Salary ranges that don’t match the requirements. If a posting lists senior-level requirements with a junior-level salary range, they’re either hoping to find someone desperate or the requirements are wildly inflated. Either way, proceed with caution and be ready to negotiate.

Perpetually open postings. If the same role has been posted for six months, either nobody wants it (red flag) or they’re “always collecting resumes” (waste of your time). Check the posting date before investing energy in an application.

The Application Math That Actually Works

Nobody wants to hear this, but applying to jobs is a numbers game. Just not the way most people play it.

The spray-and-pray approach of sending 50 identical resumes a week doesn’t work. Neither does spending four hours crafting the perfect application for one role. The sweet spot is somewhere in between.

A better strategy:

  1. Filter ruthlessly first. Spend 30 seconds on each posting. Does the first paragraph sound like something you can do? Is the company real? Is the salary reasonable? If yes to all three, move to step 2. If not, skip it.

  2. Match against the core requirements. Look at the top 3-5 bullet points. Do you match at least 60%? If yes, proceed. If not, move on unless you have a referral.

  3. Customize in batches. Group similar roles together. Customize one base resume for each category (sysadmin roles, cloud roles, DevOps roles) and make minor tweaks for each specific application.

  4. Apply to 5-10 well-targeted roles per week. Not 50. Five to ten. Spend real time on each one. Quality beats volume every time.

  5. Track everything. Use a spreadsheet. Note the company, role, date applied, and any follow-up. When your job search feels stuck, this data will tell you where to adjust.

If you’re just starting out and feel like you don’t have enough experience for anything, you’re probably wrong. Check out how other IT beginners landed their first role for realistic perspective.

FAQ

How do I know if I’m qualified enough to apply?

If you can do 60% of what the job description asks and you’re willing to learn the rest, apply. Hiring managers expect to train new hires on company-specific tools and processes. They’re hiring for potential as much as current skill. The interview is where they assess fit, and you can’t get an interview if you don’t apply.

Should I mention skills I’m currently learning?

Yes, but be honest about your level. “Currently building projects with Terraform” is fine. “Proficient in Terraform” when you’ve only completed one tutorial is not. Hiring managers appreciate candidates who are actively learning. Just don’t overstate where you are. Show your work if possible: a GitHub profile with real projects speaks louder than self-assessed proficiency levels.

What if the posting says “degree required”?

In most IT roles, this is negotiable. Many companies list a degree requirement because it’s in their standard template, not because the hiring manager cares. If you have relevant certifications, a strong portfolio, and demonstrated experience, apply. The IT industry has been moving toward skills-based hiring for years.
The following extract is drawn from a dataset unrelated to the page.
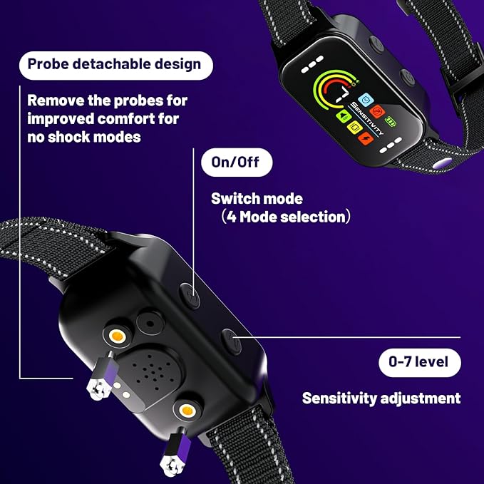 - 【Easy operation &Long Lasting】featuring just two buttons: the on/off button, which controls both the power switch and sensitivity, and the mode button, which controls four different dog training modes. IP67 rating, ensuring its resistance to both water and dust, making it suitable for various environments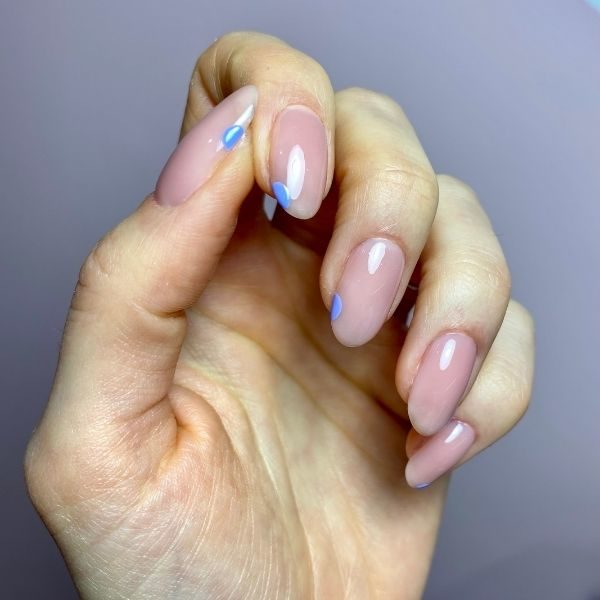 Using a fine liner nail art brush dipped into GELLUX Shout It Out, paint a small half-moon in the corner of each nail and cure for 30 seconds.

Some companies still enforce degree requirements rigidly (particularly large corporations and government agencies), but most are flexible.

Is it worth applying to jobs posted more than 2 weeks ago?
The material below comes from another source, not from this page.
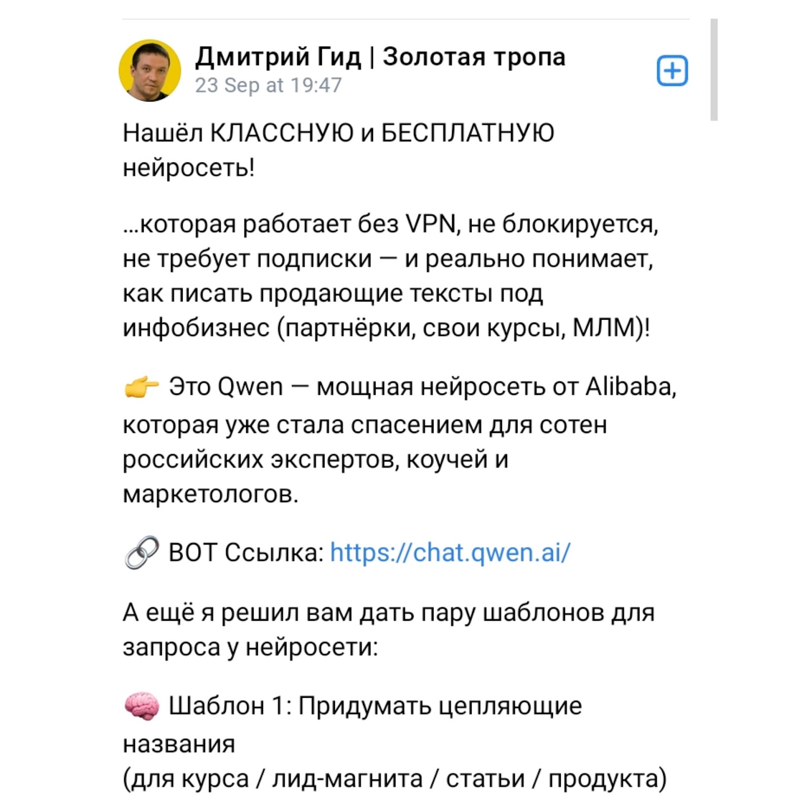 Документов, доказывающих квалификацию и возможность проводить обучение, не размещает. Дмитрий Гид, основатель проекта Золотая Тропа, позиционирует себя экспертом по запуску бизнеса. Тем не менее подробные сведения о своей работе в такой сфере скрывает.

It depends. Jobs posted 2-4 weeks ago are often still actively reviewing candidates. After 4-6 weeks, the role might be in the final interview stage, but applying still puts you in the pipeline for similar future openings. After 2-3 months, the posting is either stale or the company is struggling to fill it. Neither is great, but it’s not necessarily wasted effort if the company interests you.
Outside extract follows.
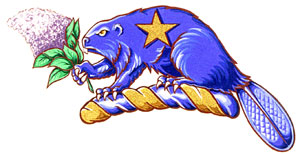 Crest of Marc Edward SmithBlazonA beaver sejeant Azure armed Argent charged on the shoulder with a mullet Or holding in the dexter forepaw a panicle of lilac (Syringa vulgaris) Purpure leaved and slipped Vert; SymbolismThe beaver alludes to the birthplace of Fr. Smith’s father, Beaver Dam, New Brunswick. The mullet refers to his mother, Aline Clement, a descendent of an Acadian expelled from Nova Scotia in 1756. The purple lilac is the state flower of New Hampshire, from whence Fr. Smith’s loyalist ancestor, Andrew Smith, immigrated to Canada. |

Should I follow up after applying?

Wait at least a week, then follow up once. A brief email to the recruiter or hiring manager (if you can identify them on LinkedIn) expressing continued interest is fine. Don’t follow up more than twice. If you haven’t heard back after two follow-ups, move on and keep applying elsewhere. Recruiter ghosting is unfortunately common, and taking it personally will slow you down.